Désolé pour le retard, mais la Slovénie est vraiment galère pour internet. Aucun cybercafé ne voulait de notre clef Usb, sauf celui-ci. Voila donc enfin les résumes de l'étape 8 et 9!!

Nous sommes arrivé en Slovénie aujourd’hui. Mais avant vous parler de l’étape du jour, revenons un peu sur notre journée de repos d’hier, dans laquelle nous avons visité Venise. Ce n’est pas ce qu’il y a de plus reposant, puisqu’il s’agit d’une ville piétonne. Nous avons retrouvé nos deux mamans (photo 1). Dans un cybercafé, nous avons mis à jour notre site. A 8 euros de l’heure, on se dépêche. Venise est une ville très portée sur l’argent ! La connexion Internet est 4 fois plus chère que la normale, et tout est comme ça.
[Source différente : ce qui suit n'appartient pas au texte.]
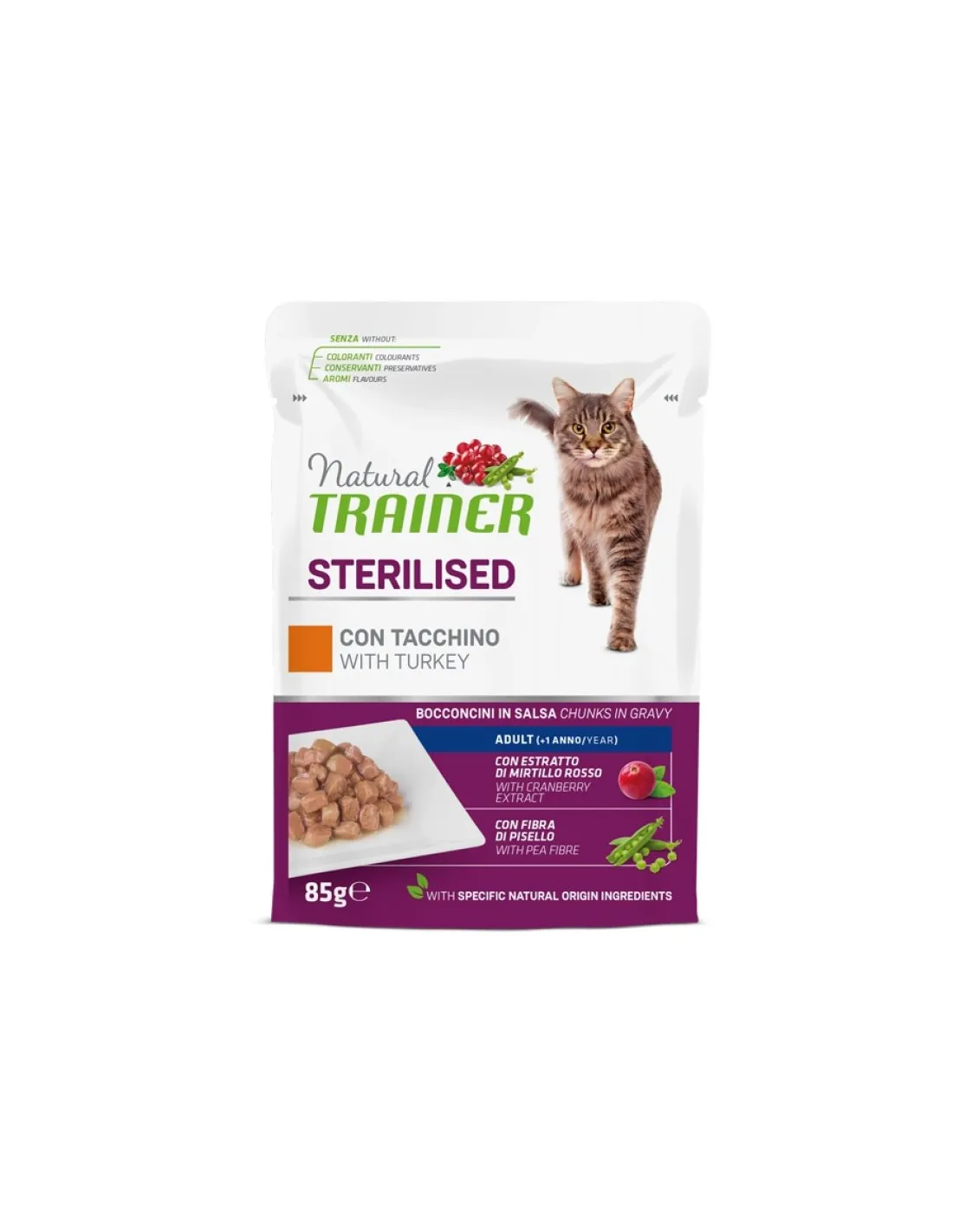 Produktbeschreibung: Trainer Adult Cat Bocconcini Ster. Truthahn ist ein Nassfutter für ausgewachsene Katzen. Präsentiert in 85-g-Beuteln ist es ideal für eine gesunde und ausgewogene tägliche Ernährung.

Nous prenons le Vaporetto, qui est le métro fluvial de Venise ! La destination de tout touriste qui se respecte est… la place San Marco, bien sûr ! avec ses pigeons, ses musiciens, ses italiennes (photos 2 à 7) ! C’est blindé de monde, de toutes les nationalités. Nous rencontrons très brièvement trois australiennes (photo 8). « Vous voulez être sur la photo avec nous ? ». Et puis elles nous demandent ce qu’est ce Tour d’Europe écrit sur nos maillots. On leur explique brièvement ce que nous faisons et les invitons à visiter notre site : « allez voir l’étape 8 et vous y serez ! » Nos gentilles australiennes nous quittent avec un petit prospectus dans les mains !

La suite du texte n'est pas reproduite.